Dr Karnovsky says teachers are not just feeling burnt out, they’re navigating an emotionally complex profession that reflects broader societal issues.
Karnovsky’s research has included a deep dive into Reddit to understand teachers’ attitudes towards staff wellbeing initiatives.
He found widespread school culture was infested with ‘toxic positivity’ and programs that put the onus on individuals to make changes.
A longtime advocate for professional self-care strategies, he says as we enter 2026 there are some important ways teachers can avoid burnout.
“Language is so important here, and the differences between ‘demoralisation’ and ‘burnout’…
“It helps when we define it more clearly, the problem becomes less fuzzy and sharper, and so being able to accurately describe what we [as teachers] are feeling and saying, ‘how do we find the language to be very clear about what is going on right now?’
“Often when I do PD, I’ll show something called ‘the emotion colour wheel’, a really wonderful visual one-pager.
“You can put it on an A3 in front of teachers, and say, ‘let’s start getting really specific about what we’re actually feeling right now’, and then ‘let’s get really specific about what’s causing those feelings’.
“Understanding that relationship, just the cause and effect that this particular demand of what we’re being asked this year. [For example], to do ‘X’ is making me feeling incredibly frustrated. And I feel frustrated because...
“… and so once teachers can give voice to that and they give voice to it with one another – in a way that they won’t feel like they’re being judged by leaders or managers or each other – that’s the first important step.”

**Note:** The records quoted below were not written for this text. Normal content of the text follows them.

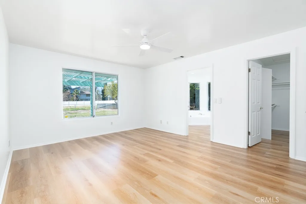 Welcome to this beautifully updated 3 Bedroom, 2 Bath Hemet home that perfectly blends comfort, convenience, and modern style. The light-filled open floor plan creates a seamless flow between the living, dining, and kitchen areas—ideal for everyday living and entertaining. There is even a bonus room, which can be used as an office or an extra bedroom if closet is added. Step outside to a backyard made for enjoyment, featuring a covered patio, and low-maintenance landscaping with fruit trees, flowers, and mature shrubs, all framed by stunning scenic views.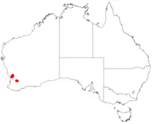It is native to a small area in the Wheatbelt region of Western Australia where it is commonly situated on hillslopes growing in gravelly lateritic soils.[1] The limited range is around New Norcia as a part of heathland or open Eucalyptus wandoo woodland or Corymbia calophylla woodland communities.[2]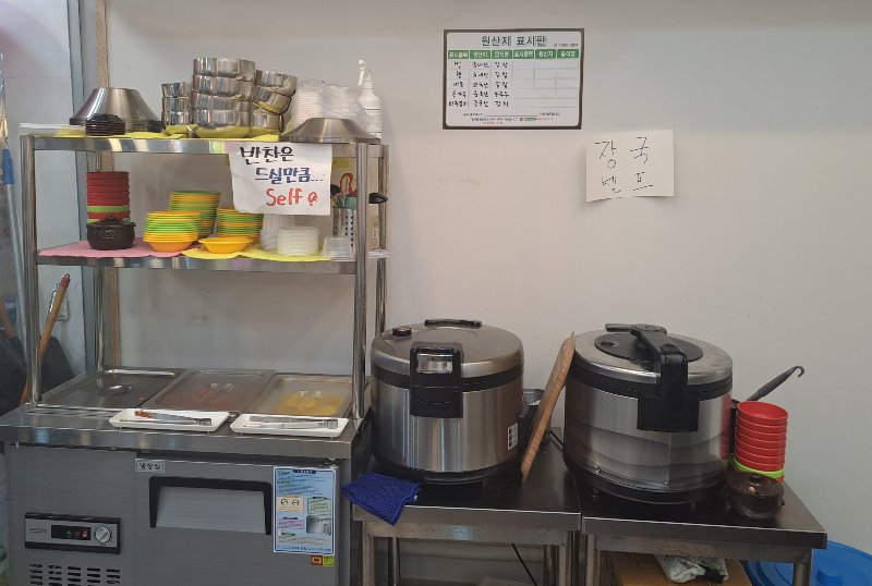 셀프바에는 단무지와 김치와 장국이 있습니다.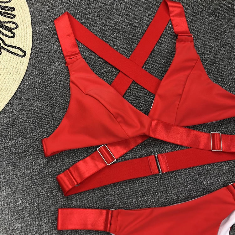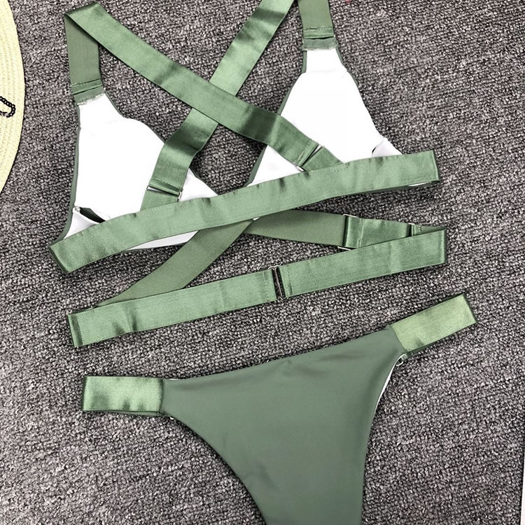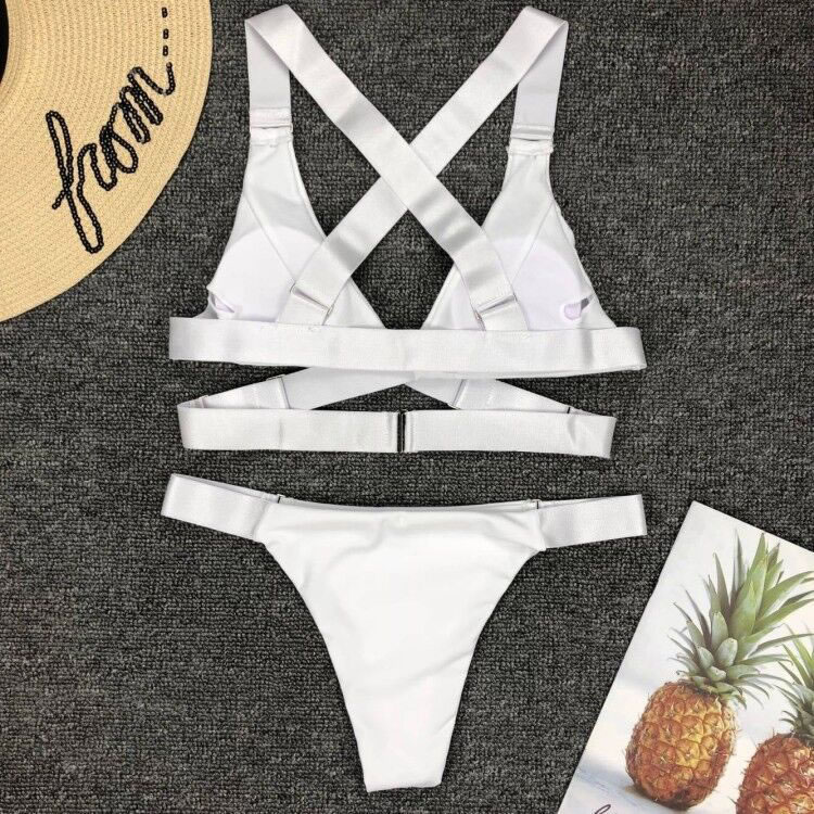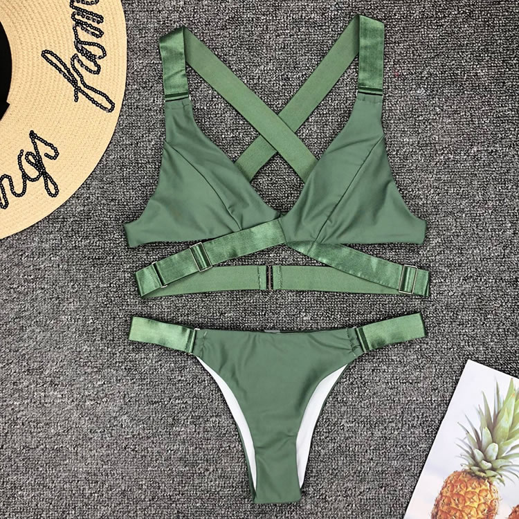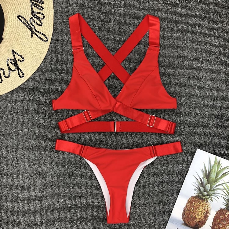 Get all wrapped up in this bikini set featuring a solid padded cups, a halter strap with a criss-cross back, a wrapped underbust band, a slid closure on the back, and a matching bottom with strappy sides, and high cut sides, a thong cut back.

Critically, Karnovsky says, this work shouldn’t happen part way through the year “when everything’s gotten really busy and everyone’s trying to just run on the treadmill and they’re feeling mostly like they’re behind all the time”.
It needs to happen now, he shares, to frame the beginning of the school year and then it’s continual work.
“And again, I just hope that schools might find the opportunity and individuals with one another, to say, ‘hey, let’s just have a cuppa and let’s just have a chat, maybe have this colour wheel in front of us and just be really honest’.”
This certainly can be a difficult thing to do, but it’s really that simple, he says.
“It’s just ‘let’s have a yarn and let’s be really honest with one another, because who else are we going to be honest with? We understand each other more than anyone else, or more than our partners and hubbies and wives and girlfriends and boyfriends’.
“Teachers understand teachers, and so we’ve got to give them permission and give them more strategies and ways that they can talk to each other honestly and sometimes vulnerably.”
Karnovsky says while individual wellbeing strategies to help manage individual stress might work for some, these do not really change any of the structural issues that are going on.
Increasingly, teachers might find it frustrating that they’re being asked to do these things or that this approach contributes to toxic positivity in their workplace, he adds.
“I’m looking at developing some asynchronous modules tied with the AITSL requirement for teachers to do ongoing professional development through Curtin.
“I see that as a possible way to leverage the work that I’ve done in the book and elsewhere to at least get some of that stuff and this rethinking wellbeing, which I broadly badge it as, into the hands of just individual teachers and perhaps teacher leaders and middle managers, heads of learning area, associate principals, to pick this stuff up.”
This year Karnovsky will once again be researching Reddit, but will be talking to people who are active in the Australian teachers sub-Reddit community.
“This time it’s not so much using their posts and data, but more asking them what brings them to those online spaces in relation to their work and what do they get from it? How do they feel about their work, whether positive or negative or otherwise, and what is that kind of space doing for them?
“It’s very early days … but it’s a really fascinating space in the profession – the whole people feeling silenced and unable to kind of speak out about some of the issues that might be going on in their individual school or the education department, particularly public school teachers.”